I will attempt to address the issues you addressed in your post, although I
don't have the original. You claimed that rsaref was spook-developed and could
have a backdoor in it. Also, you said that charges were dropped against PRZ
after PGP was redistributed with rsaref. I'm not sure whether charges were
actually filed against PRZ for patent infringement, but he included rsaref in
later versions to avoid legal problems. This has nothing to do with PRZ being
charged with illegally exporting PGP. These charges were dropped right before
the statue of limitations ran out, not after Phil built PGP with rsaref.
The security of rsaref can be verified pretty easily. Just create a few test
vectors with another rsa implementation such as SSLeay, the rsa perl script,
or Phil's original rsa code. If the output matches, then there is not a
backdoor in rsa (unless the same backdoor exists in every implementation of
rsa and/or every C compiler). It could be that there is a way easier than
factoring to break rsa, but in this case, every version of PGP is insecure, not
just >=2.5 (or there might be a way to factor numbers in polynomial time).

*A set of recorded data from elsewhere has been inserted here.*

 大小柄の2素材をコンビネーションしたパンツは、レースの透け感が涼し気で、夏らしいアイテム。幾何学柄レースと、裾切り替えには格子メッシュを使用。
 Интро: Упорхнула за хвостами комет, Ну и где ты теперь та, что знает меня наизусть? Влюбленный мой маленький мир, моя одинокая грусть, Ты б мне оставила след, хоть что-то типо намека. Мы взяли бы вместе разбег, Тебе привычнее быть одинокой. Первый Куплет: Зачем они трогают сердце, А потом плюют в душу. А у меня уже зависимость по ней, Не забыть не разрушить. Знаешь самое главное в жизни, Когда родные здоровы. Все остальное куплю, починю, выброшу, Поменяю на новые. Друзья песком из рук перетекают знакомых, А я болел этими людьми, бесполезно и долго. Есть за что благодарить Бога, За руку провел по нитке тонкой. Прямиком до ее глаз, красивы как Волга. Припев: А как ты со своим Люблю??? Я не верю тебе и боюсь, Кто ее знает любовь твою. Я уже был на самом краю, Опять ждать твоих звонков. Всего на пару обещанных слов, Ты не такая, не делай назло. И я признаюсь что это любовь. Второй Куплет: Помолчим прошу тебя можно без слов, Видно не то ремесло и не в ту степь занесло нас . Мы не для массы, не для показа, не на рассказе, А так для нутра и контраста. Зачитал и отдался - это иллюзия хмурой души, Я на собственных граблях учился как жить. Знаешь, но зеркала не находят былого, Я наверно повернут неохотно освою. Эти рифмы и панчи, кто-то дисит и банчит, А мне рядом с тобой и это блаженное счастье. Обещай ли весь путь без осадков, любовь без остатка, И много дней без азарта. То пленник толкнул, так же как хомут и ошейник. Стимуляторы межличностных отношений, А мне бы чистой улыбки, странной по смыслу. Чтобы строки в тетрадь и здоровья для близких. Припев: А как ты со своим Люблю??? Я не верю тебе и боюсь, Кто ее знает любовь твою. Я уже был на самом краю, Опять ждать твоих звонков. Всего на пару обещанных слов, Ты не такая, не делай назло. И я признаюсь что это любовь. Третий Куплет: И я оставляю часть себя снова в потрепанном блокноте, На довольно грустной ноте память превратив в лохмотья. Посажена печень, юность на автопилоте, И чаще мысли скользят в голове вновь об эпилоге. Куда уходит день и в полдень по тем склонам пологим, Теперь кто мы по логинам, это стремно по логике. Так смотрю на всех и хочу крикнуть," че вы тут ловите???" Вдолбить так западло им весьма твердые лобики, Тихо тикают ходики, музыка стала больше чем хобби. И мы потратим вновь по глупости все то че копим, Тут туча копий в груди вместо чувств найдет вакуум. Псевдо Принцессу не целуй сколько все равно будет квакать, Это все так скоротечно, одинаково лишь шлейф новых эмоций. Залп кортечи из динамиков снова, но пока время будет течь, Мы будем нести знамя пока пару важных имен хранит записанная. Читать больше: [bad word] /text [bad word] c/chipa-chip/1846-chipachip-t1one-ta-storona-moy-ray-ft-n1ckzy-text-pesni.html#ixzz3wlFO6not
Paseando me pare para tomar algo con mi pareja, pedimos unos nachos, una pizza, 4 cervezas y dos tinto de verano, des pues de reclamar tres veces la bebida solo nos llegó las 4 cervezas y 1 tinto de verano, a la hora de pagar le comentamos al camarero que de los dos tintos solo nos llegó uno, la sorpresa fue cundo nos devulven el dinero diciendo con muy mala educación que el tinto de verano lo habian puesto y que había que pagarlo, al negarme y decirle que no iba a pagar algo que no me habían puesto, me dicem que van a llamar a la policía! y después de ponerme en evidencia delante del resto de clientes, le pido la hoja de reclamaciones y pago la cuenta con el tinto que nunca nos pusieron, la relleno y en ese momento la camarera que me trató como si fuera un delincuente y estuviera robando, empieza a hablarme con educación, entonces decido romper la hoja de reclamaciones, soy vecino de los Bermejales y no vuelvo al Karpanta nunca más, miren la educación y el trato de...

The most likely place that there would be a backdoor would be either in the
key-generation algorithm or in the PRNG. I'm not sure if much of the
key-generation code was changed between PGP 2.3 and 2.5. There was a bug in
the PRNG that supposedly made it weaker.
Finally, if you're really concerned about rsaref, use the international
version which does not use rsaref (it's also a lot faster). I know there's
one version that was developed independantly of the other versions from the
2.3 code. There could be weaknesses in MD5 and IDEA, but MD5 was always used
so if there is a weakness in MD5, then every version of PGP has this weakness.
IDEA was not developed by the USG or anyone that was likely to be influenced
by the USG. It was also introduced in 2.0, so if there was a weakness in IDEA,
this would mean that every version of PGP >=2.0 would be insecure.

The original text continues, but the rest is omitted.